**MATERIAL FOR THE TASK**
◆ ◆ ◆ ◆ ◆

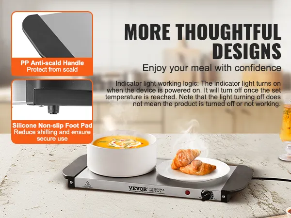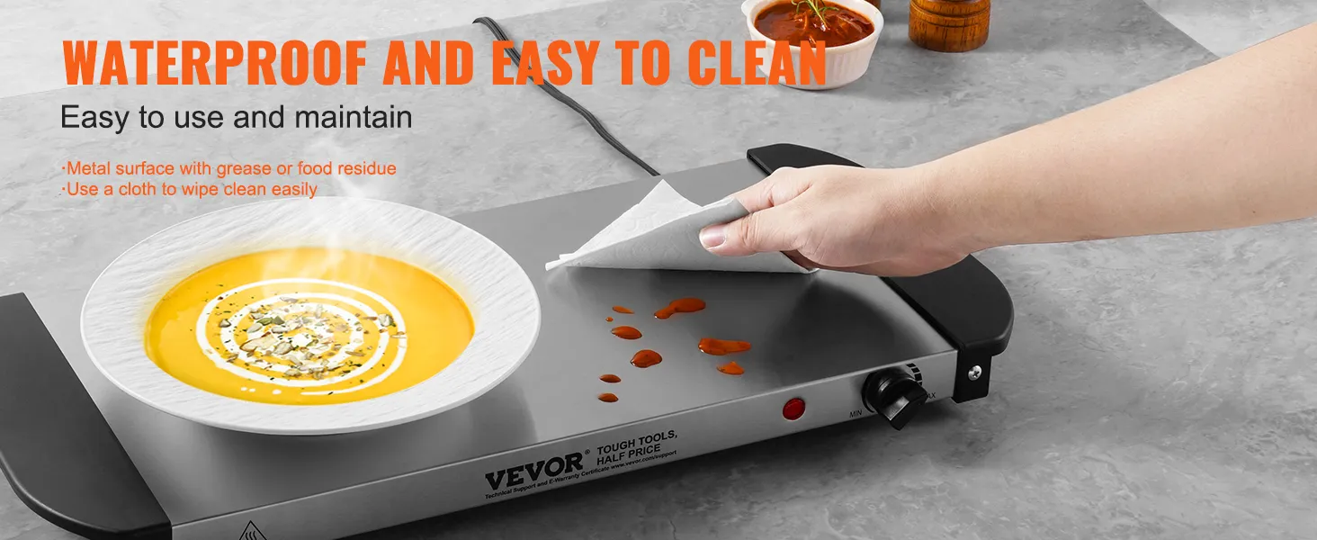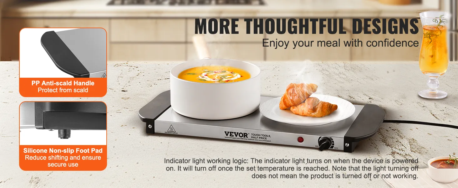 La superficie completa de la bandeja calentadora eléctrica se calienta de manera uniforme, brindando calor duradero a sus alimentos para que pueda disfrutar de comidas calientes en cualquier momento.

◆ ◆ ◆ ◆ ◆

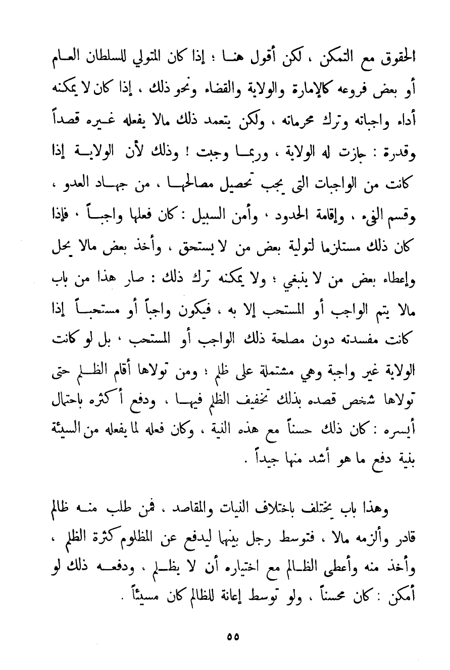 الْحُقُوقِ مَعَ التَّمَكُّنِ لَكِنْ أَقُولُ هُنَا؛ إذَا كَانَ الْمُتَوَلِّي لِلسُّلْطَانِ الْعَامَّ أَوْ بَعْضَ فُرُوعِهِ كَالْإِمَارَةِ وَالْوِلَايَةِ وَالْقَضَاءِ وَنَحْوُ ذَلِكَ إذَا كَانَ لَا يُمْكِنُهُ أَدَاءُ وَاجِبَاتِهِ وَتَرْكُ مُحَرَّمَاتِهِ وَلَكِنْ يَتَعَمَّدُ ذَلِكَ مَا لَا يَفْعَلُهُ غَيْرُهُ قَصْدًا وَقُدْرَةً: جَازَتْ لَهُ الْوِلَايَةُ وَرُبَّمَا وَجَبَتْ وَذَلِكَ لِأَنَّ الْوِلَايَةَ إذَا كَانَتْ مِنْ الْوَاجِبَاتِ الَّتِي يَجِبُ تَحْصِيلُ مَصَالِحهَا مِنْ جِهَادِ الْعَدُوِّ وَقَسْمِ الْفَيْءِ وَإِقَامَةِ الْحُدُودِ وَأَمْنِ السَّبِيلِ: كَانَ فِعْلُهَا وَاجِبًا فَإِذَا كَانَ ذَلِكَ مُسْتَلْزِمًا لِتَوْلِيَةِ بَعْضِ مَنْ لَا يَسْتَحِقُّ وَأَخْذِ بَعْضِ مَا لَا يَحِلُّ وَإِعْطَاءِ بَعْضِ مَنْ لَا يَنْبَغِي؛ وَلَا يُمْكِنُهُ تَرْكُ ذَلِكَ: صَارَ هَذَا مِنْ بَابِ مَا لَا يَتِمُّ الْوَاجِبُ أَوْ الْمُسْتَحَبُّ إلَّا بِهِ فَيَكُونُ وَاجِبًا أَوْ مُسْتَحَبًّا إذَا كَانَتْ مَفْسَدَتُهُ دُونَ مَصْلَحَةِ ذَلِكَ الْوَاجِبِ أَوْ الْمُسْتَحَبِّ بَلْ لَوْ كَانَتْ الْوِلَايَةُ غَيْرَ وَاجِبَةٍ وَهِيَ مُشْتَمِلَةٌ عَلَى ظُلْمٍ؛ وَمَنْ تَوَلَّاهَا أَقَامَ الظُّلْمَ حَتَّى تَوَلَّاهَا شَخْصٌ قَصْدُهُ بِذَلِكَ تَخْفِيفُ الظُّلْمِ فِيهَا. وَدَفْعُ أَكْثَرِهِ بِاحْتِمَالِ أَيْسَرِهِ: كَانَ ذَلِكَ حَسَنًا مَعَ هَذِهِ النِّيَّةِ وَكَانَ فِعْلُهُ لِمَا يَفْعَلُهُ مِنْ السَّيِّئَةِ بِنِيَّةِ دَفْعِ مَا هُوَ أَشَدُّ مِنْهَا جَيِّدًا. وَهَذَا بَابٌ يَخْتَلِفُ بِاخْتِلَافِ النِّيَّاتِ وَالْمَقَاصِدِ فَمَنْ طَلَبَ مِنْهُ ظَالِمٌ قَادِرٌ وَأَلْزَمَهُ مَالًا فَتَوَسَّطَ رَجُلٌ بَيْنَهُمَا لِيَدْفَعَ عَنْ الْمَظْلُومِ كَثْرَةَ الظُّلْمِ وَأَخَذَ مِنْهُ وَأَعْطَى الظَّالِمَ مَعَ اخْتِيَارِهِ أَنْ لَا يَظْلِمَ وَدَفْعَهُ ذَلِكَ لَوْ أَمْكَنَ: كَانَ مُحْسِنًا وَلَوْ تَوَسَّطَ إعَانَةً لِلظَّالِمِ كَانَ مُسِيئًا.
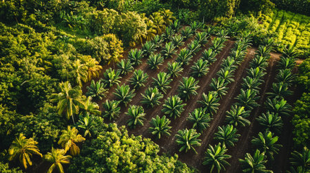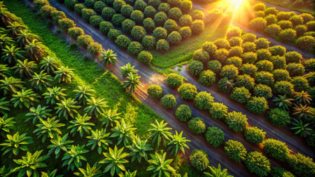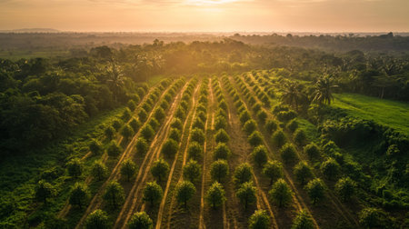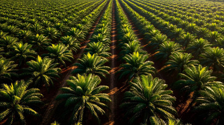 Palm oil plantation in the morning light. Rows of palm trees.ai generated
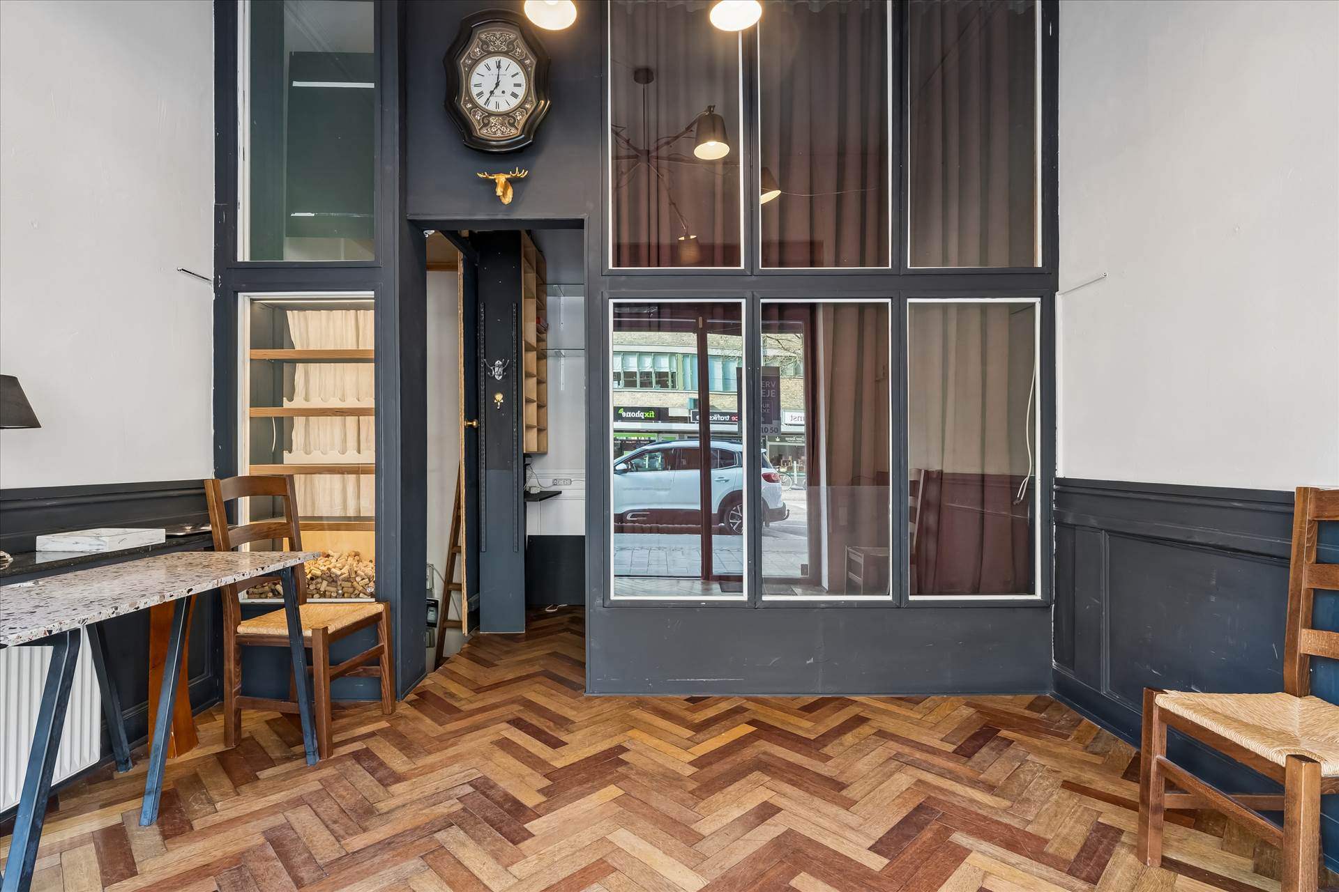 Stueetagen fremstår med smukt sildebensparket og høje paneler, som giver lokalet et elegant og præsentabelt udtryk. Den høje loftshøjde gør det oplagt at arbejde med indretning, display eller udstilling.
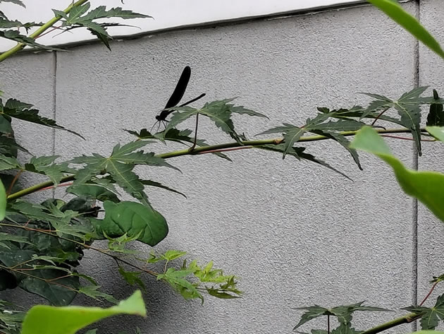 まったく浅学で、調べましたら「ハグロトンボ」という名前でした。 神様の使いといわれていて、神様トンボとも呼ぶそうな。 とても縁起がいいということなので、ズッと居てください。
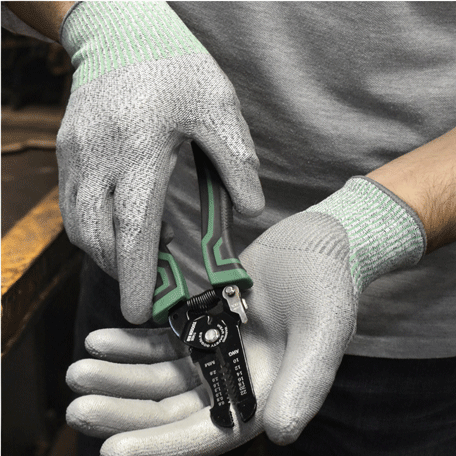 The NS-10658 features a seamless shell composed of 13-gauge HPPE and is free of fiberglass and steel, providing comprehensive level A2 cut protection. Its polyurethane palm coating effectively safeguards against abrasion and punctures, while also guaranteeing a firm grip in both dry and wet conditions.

◆ ◆ ◆ ◆ ◆

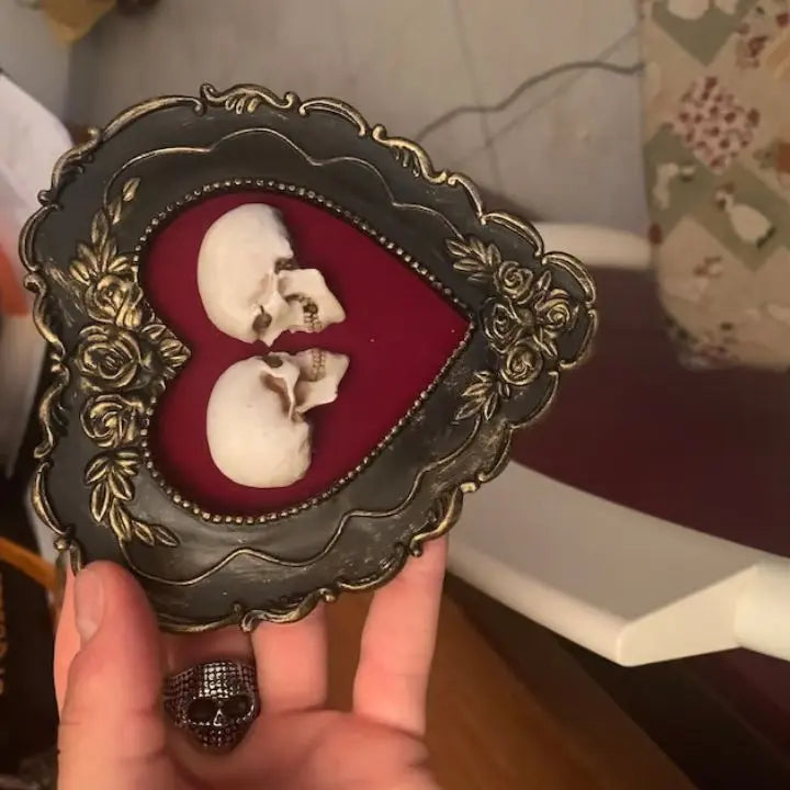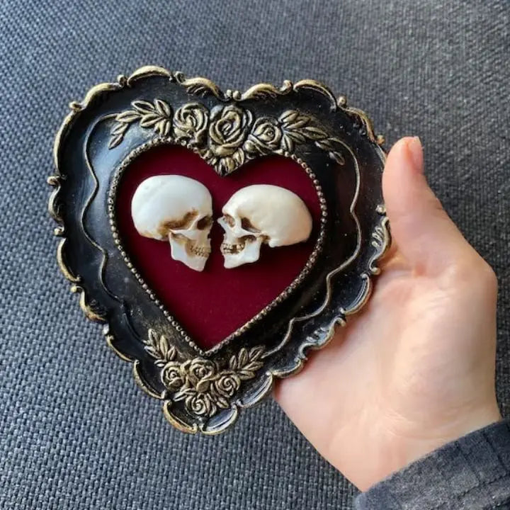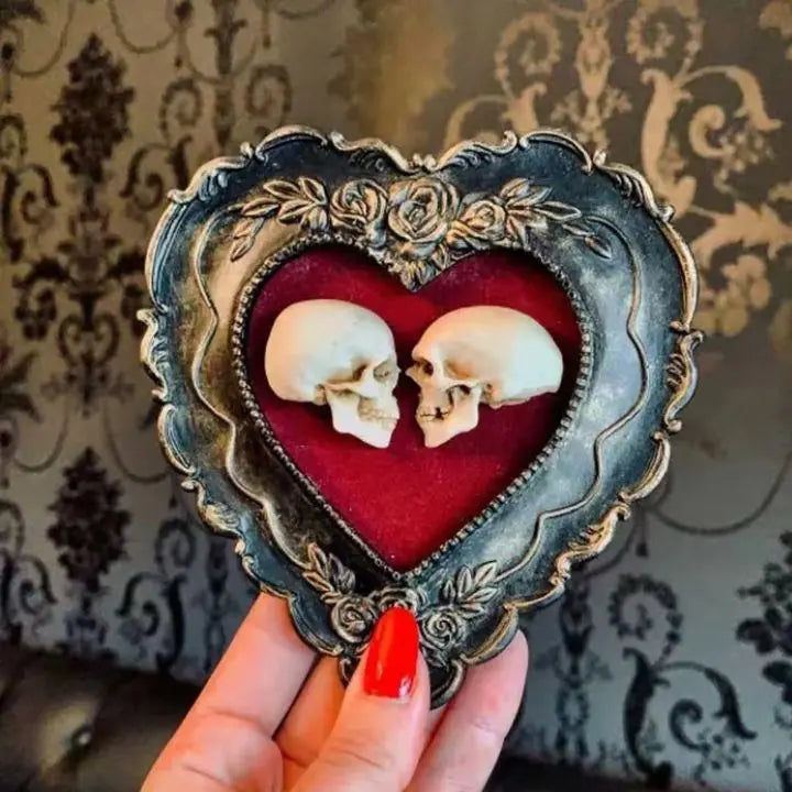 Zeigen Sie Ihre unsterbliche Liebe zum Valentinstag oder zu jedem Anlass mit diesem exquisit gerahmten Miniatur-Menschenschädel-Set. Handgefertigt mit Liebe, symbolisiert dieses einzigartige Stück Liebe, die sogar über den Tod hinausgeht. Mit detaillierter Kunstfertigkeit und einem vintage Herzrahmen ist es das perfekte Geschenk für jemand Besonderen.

◆ ◆ ◆ ◆ ◆

Give back, exactly and without pictures, the stretch of the records above from the line containing "Palm oil plantation" through the line containing "The NS-10658 features", with both end lines included.

 Palm oil plantation in the morning light. Rows of palm trees.ai generated
 Stueetagen fremstår med smukt sildebensparket og høje paneler, som giver lokalet et elegant og præsentabelt udtryk. Den høje loftshøjde gør det oplagt at arbejde med indretning, display eller udstilling.
 まったく浅学で、調べましたら「ハグロトンボ」という名前でした。 神様の使いといわれていて、神様トンボとも呼ぶそうな。 とても縁起がいいということなので、ズッと居てください。
 The NS-10658 features a seamless shell composed of 13-gauge HPPE and is free of fiberglass and steel, providing comprehensive level A2 cut protection. Its polyurethane palm coating effectively safeguards against abrasion and punctures, while also guaranteeing a firm grip in both dry and wet conditions.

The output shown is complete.